Se o motivo é do segundo tipo, o caráter infrator do ato não se configura, porque surge a consciência de um direito, precário, é verdade, mas nos quadros de um suposto direito oficial. Na realidade, este caso enseja inclusive uma série de elaborações, análogas às que ocorrem no universo jurídico vigente. Desta forma, a possibildiade de oposições de direitos e interesses se organiza, dando margem a um subproduto jurídico bastante peculiar: "Eu acho assim, se esses terrenos são vazios há tantos anos, esses homens não faz nada do terreno, se aqueles pobres que precisam não têm onde morar..." O raciocínio da moradora, porém, se interrompe. Ela então reflete sobre a propriedade e diz: "Agora, tomar a terra deles, não". Entretanto, continua, se a invasão que houve foi devida ao abandono e isto não gera direito, há a possibilidade de se pagar pelo uso, então, um direito se cria e a infração desaparece: "mas a gente vai pagar o foreiro... A terra não é deles? A terra é deles, não é da gente. O mocambo é da gente, a terra é deles. Se estes terrenos estão desocupados, tem nada de mais que o povo invada. Quanta gente aí anda na rua? Eu não acho errado não" (Skylab). No caso da Rede Ferroviária, a elaboração para-jurídica é ainda mais patente, apagando o caráter infrator do ato: "Eu não seu invasora. Comprei minha casinha. Tá bom que a Rede precisa das Terras, mas nós temos direito a uma moradia decente". Ou como diz outro morador, mostrando claramente que o entendimento é no sentido de separar a propriedade do solo e a da habitação: "To num lugar que o terreno é dos outros, mas a casa que tô é comprada. Logo não me chamem de invasor" (irritado).

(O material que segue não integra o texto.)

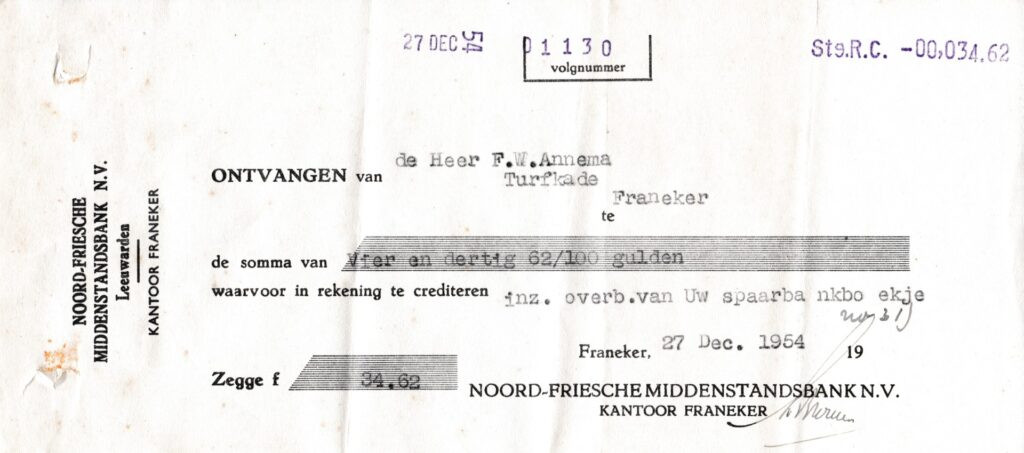 | Beschrijving: | Overboeking van Foppe Willems Annema van het spaarboekje van de Noord-Friesche Middenstandsbank N.V. |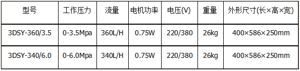 上海楷陽3DSY型電動試壓泵的性能參數(shù)如下: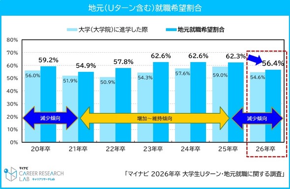 マイナビ(東京都千代田区)が2026年卒業予定の全国の大学生、大学院生を対象に実施した調査によると、地元就職(Uターンを含む)を希望する学生が4年ぶりに6割を下回ったことが分かった。

Quando o motivo é do terceiro tipo, situação de fato, não há consciência da infração e o "direito" que daí surge não é definida nos quadros oficiais pelo invasor. Por assim dizer, ele é invasor. Mas a invasão não é infração. E o fato lhe confere um "direito" inoficial. Este "direito" inoficial tem nuances próprias e está intimamente ligado à necessidade que é sua fonte emanadora. Diz uma moradora (Skylab): "Pelo uma parte eu não sou contra os donos da imobiliária, ninguém quer ter o seu para ser invadido assim... Todos tiveram necessidade de fazer isto. Ninguém, tendo casa própria, tendo de que viver, ia se apossar de uma coisa impossível... Se meu marido tivesse um emprego eu não tinha necessidade de invadir o que é dos outros". O argumento se completa com o que diz outra moradora: "Se isso é uma necessidade de quem não tem casa própria, acho que a gente fez um direito". Este "direito", porém, não é absoluto. De um lado, ele tem de ser regulado. Ou melhor, ele gera o direito de fazer um acordo e de pagar: "... (a gente) teve o direito de fazer (a invasão) porque se a gente tá pagando a eles... Agora, invadisse e não fizesse acordo nenhum com a imobiliária, tá certo, porque eles são donos". De outro, ele exclui a pseudonecessidade: "mas eu sei que por aqui tem muito explorador de casa, gente que invade sem precisar, só pra ganhar dinheiro" (CHESF — Vila Camponesa).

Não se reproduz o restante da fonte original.